MuseScore脱初心者編 その3

第三頁

 第二頁では、五線幅に関する設定について記しました。五線幅を適正値にしても、今回の譜例では1ページに三段入れることは出来ませんでした。そこで、今回は「スタイルの編集」で設定を見直すことで、市販譜の体裁に近づけていきます。

 「スタイルの編集」の「ページ」でパート間の距離や段の距離を設定することができます。ここで、譜表の距離や、歌詞の上下の余白などを、より小さい値にすると、パート毎の間隔を狭めることができます。(歌詞の行高は歌詞のフォントによって適正値は変ってきます。)個別の譜表の間隔を広げることは後から別のツールで可能ですが、個別に狭めることはできないので、ここの数値は、最低限必要な程度の、より小さい数値にすることをお勧めします。



 さて「スタイルの編集」の「ページ」で譜表の距離を狭く設定すると、右図のように一つのページに三段入れることができました。ここで右図を見ると、今度はパート間の距離が狭すぎて、歌詞と強弱記号が被ってしまっています。こういった箇所は個別に間隔を広げる必要があります。
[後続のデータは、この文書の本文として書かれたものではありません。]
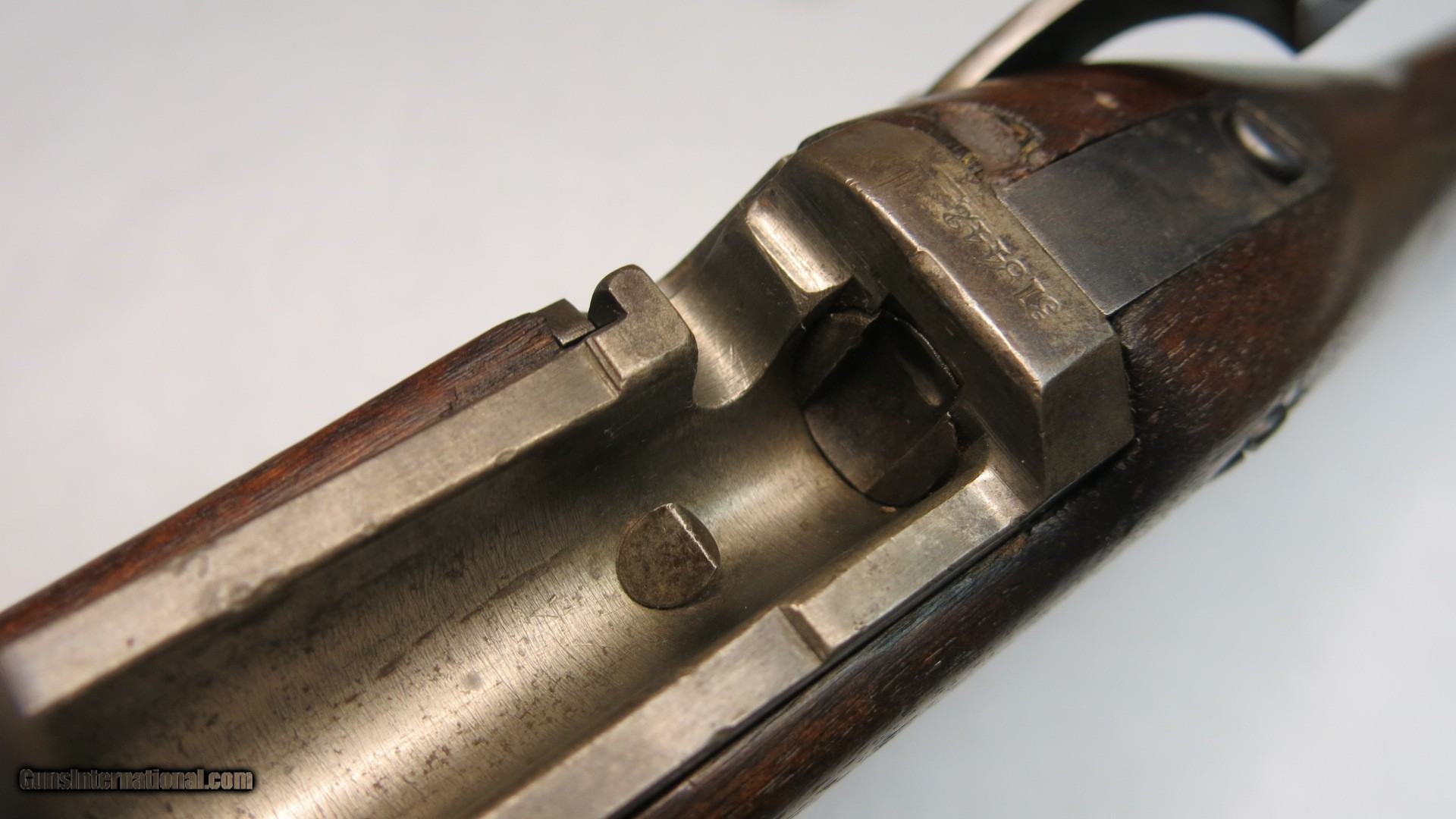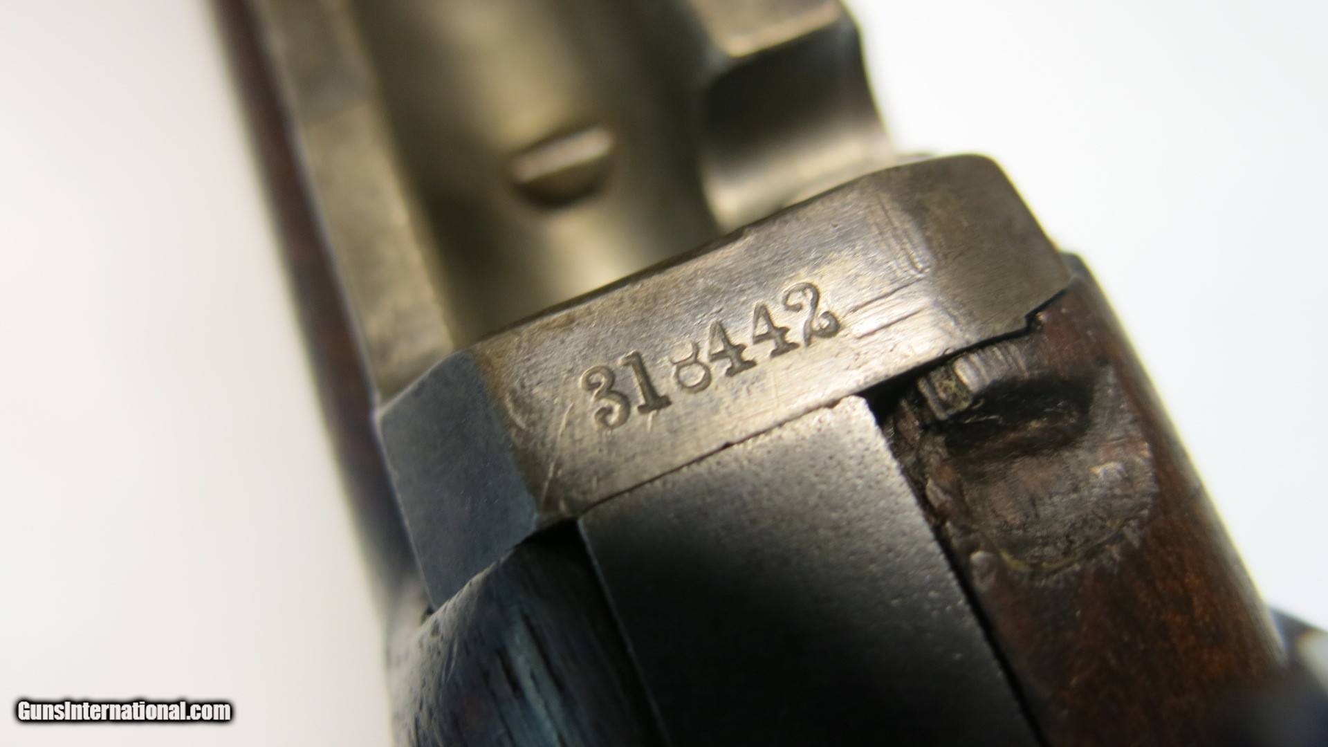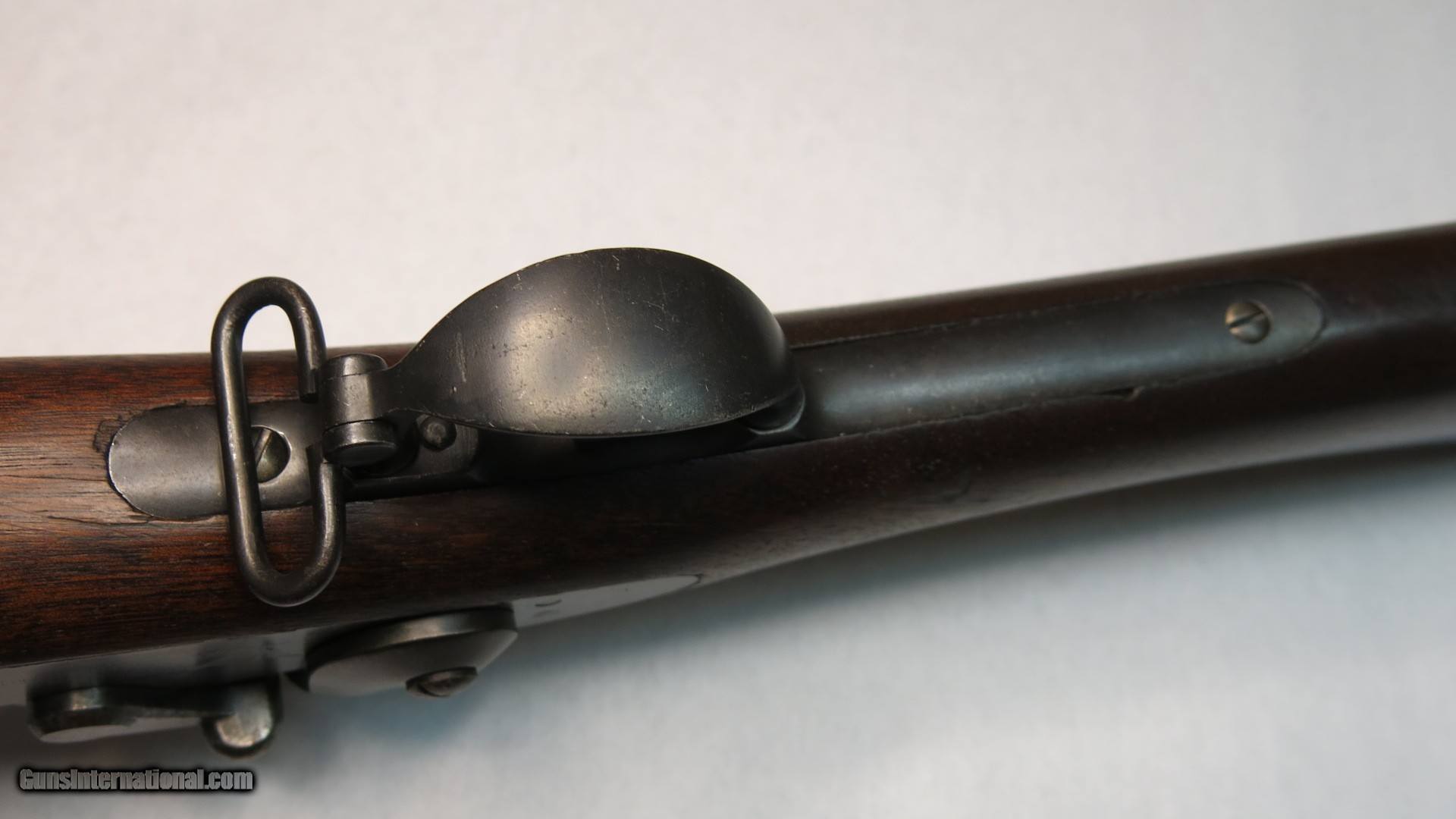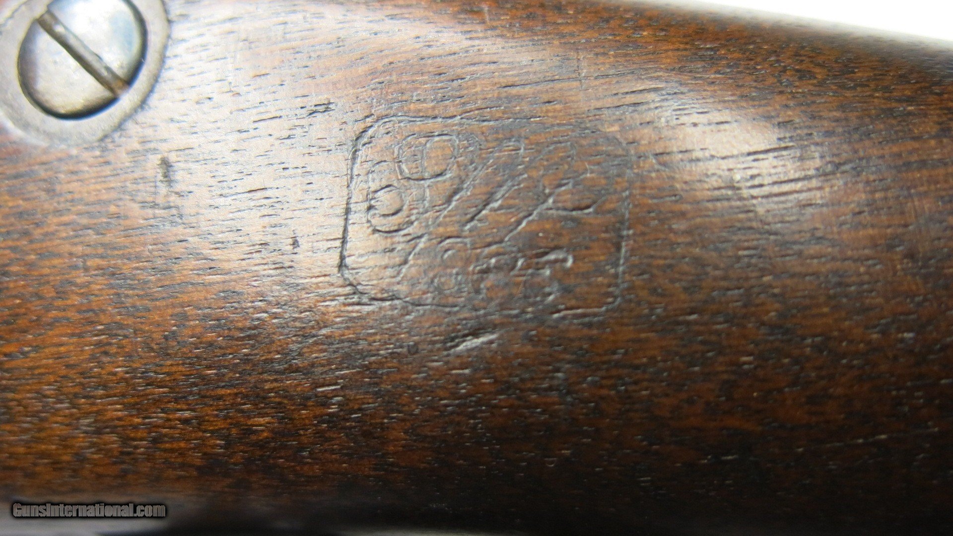 Description: Springfield Armory Experimental Model 1884 Round Rod Bayonet Rifle Serial number 318442 .45 - 70 - 500 This rifle was once owned by Al Frasca, a noted expert on Trapdoor Rifles. His write up for the sale of the rifle is: "This is one of the 1000 Exp. RRB Rifles produced (500 in Dec. 1885 and 500 in Jan 1886). The rifle has two unique characteristics: (1) The first round rod bayonet mechanism and, (2) the adjustable front sight is in the sight cover and not attached to the barrel. More than likely, the new ones that were not field testing, were the ones used in the assembly of some of the later M88 RRB rifles (some Exp. M88 RRB rifles made in 1889 and M88 RRB rifles assembled in 1891 have M84 RRB receivers). From the large number of M84 RRB front sight hoods available in the 1970's, it is assumed that many of these guns were disassembled. Thus, even though about 1000 were produced, not too many remain. This rifle was produced in 1886 as confirmed by the cartouche. It has not been sanded or refinished. Mallory's SRS books list this rifle as returned from the 10th infantry on July 12, 1892. Since it was a used rifle, its receiver was not a candidate for use on M88 RRB rifles. Combining the fact that it is a used rifle, along with the late return date probably justifies why it was never disassembled. The rifling in the bore is very bright with deep rifling and a few very small patches of damage." An addition to the above is that it was issued to Company G of the 10th Infantry. The 10th was organized at Carlisle Barracks, Penn. on March 3, 1855. There were 1,013 produced. 504 in 1885 and 509 in 1886. The widely accepted serial number range is from 314,000 to 321,000. They were given a nickname of "flatlatch" because the rods locking fingers are not clearly visible. These 1884 RRB rifles were Springfield's third attempt at making a ram rod bayonet. The first was 1,014 M1880's with a triangular rod and the second was in 1882 when 26 were experimentally made also with triangular rods. Their fourth and final rod bayonet rifle was the M1888 RRB. These rifles were originally thought to have used the first version of the Buffington rear sight that utilized a rack and pinion elevation adjustment. There was no marking on the upper right corner of the leaf that would normally designate R (rifle), C (carbine) or XC (exp. carbine). New research has proven this fact to be wrong. In fact, they used the second type Buffington rear sight that does have the R on the upper right corner of the leaf. This rifle came with a first type sight that has been changed to the second type. The front sight two position blade is fixed within the sight cover with a slotted screw and not attached to the barrel. This is the only model where the front sight is not attached directly to the barrel. "...the sight is adjustable for use of a coarse and fine sight, turning 45 degrees forward and back around the spring screw pin which holds it in place. The rifles are issued with the coarse point up. To change to the fine point: with the uncut end of a lead pencil or any piece of wood of like dimensions, insert under the sight cover, from the front, and, resting on the top of the sight, push it so as to turn it around the aforesaid pin until fully down on the bottom of the mortise in the sight cover in which the sight is located. This can be seen by looking under it." The receiver / barrel reference marks are in perfect alignment. The bottom of the barrel has a 7/8" long deep longitudinal gouge centered 3" from the receiver and is similar to pipe wrench tooth marks. There are other circumferential marks that appear to be from the barrel slipping in the jaws of a vise. These are most visible to the left side of the rear sight. This leads me to believe the barrel has been off some time in the past or is not original to the receiver. Head space is perfect at .070". The top left rear has the V P eagle head P. There is a change in finish of the barrel 6 inches from the muzzle. It appears that there is a change in taper because of the rod latch assembly. The lock plate has the standard eagle motif and U.S. / SPRINGFIELD. The breech block is marked with U.S. / MODEL / 1873. This marking was used from serial number 205,000 to 360,000. The stock does have the short wrist and long comb. The stocks boxed cartouche on the left wrist is SWP over 1886 for Samuel W. Porter. There is what appears to be a D stock inspectors mark just rear of the trigger plate and the final firing proof is present rear of the D. The butt plate, with swiveling cover has the storage compartment behind it that contains the 1882 headless shell extractor, 1879 combination tool and wiper head. There is no cleaning rod channel clean out hole under the front of the trigger plate. There is a sliver of wood missing in the lock assembly mortise along the upper front area that extends into the receiver channel. The forend just rear of the bayonet locking assembly shows a little wood wear and some splinters missing on the edges of the rod channel that have been smoothed out and appear to be original to the rifles assembly. Various markings 8, II, Y, 15 bottom of receiver ~, 2, R bottom of barrel A top rear of barrel S rear of barrel N tumbler Y sear H sear spring 4 main spring hook end O, 3 trigger V, B, O, | trigger plate N trigger bow SOLD Antique: Yes Rifle Caliber: .45-70 Government Manufacturer: Springfield Armory |

 また段の小節数に着目すると、上から7小節、8小節、6小節と、三段目が上二段よりも小節数が少なく、何となく密度が薄くなっているように見えます。一つのページではそれぞれの段の密度が、それぞれ均一になるのを目指します。そこで、上から一段に7小節ずつ割り付けます。
 編集画面左側にあるパレットの「区切りとスペーサー」を用いることで、個別のパートの間隔を広げたり、段の末尾にする小節を定めることができます。



 「区切りとスペーサー」は左図のように使用します。上矢印の記号(譜表スペーサー)を、間隔を広げたい譜表にドラッグすることで、上の譜表との距離を広げることができます。
 また左矢印のような記号(譜表の折り返し)を使うと、段の末尾にする小節を指定できます。
 譜表のスペーサーはデフォルトでは3.00spの高さで挿入されます。スペーサーの高さはインスペクタで変えることができます。スペースを十分に設け過ぎると、楽譜が入らなくなったりしますので、適度に高さを調節しましょう。



 譜表の折り返しや、譜表スペーサーを用いてレイアウトを整えると、右図のようになりました。ここまででようやく、合唱の楽譜の体裁に近づけたことだと思います。
 次回は歌詞のフォントや記譜フォントなどを設定します。